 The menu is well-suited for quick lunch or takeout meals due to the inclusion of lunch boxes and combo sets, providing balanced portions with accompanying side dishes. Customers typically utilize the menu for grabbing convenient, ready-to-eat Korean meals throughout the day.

-*-*-

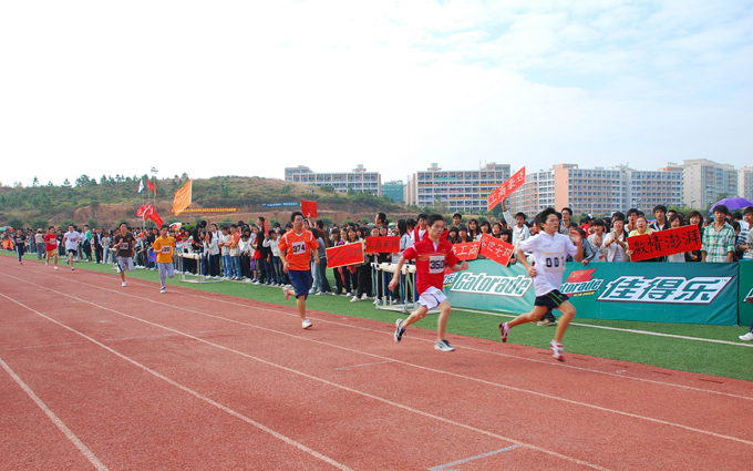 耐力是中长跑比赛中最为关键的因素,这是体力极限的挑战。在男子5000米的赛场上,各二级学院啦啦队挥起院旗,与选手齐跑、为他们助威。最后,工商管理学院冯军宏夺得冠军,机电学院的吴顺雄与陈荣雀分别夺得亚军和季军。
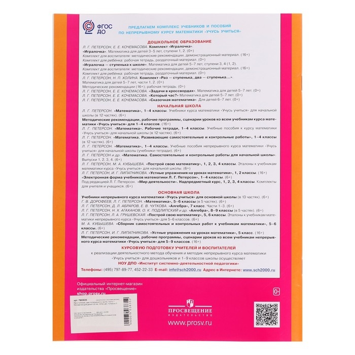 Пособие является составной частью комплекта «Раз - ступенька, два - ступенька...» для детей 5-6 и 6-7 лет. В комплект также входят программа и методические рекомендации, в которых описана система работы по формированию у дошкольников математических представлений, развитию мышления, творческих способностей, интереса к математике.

-*-*-

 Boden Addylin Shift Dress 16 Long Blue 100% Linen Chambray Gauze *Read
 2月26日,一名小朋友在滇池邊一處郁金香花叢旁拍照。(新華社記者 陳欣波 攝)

-*-*-

Each line above starting at the one holding "耐力是中长跑比赛中最为关键的" and ending at the one holding "Пособие является составной" should be set down exactly as it stands, both ends included, with no pictures.

* _Reply_:
 耐力是中长跑比赛中最为关键的因素,这是体力极限的挑战。在男子5000米的赛场上,各二级学院啦啦队挥起院旗,与选手齐跑、为他们助威。最后,工商管理学院冯军宏夺得冠军,机电学院的吴顺雄与陈荣雀分别夺得亚军和季军。
 Пособие является составной частью комплекта «Раз - ступенька, два - ступенька...» для детей 5-6 и 6-7 лет. В комплект также входят программа и методические рекомендации, в которых описана система работы по формированию у дошкольников математических представлений, развитию мышления, творческих способностей, интереса к математике.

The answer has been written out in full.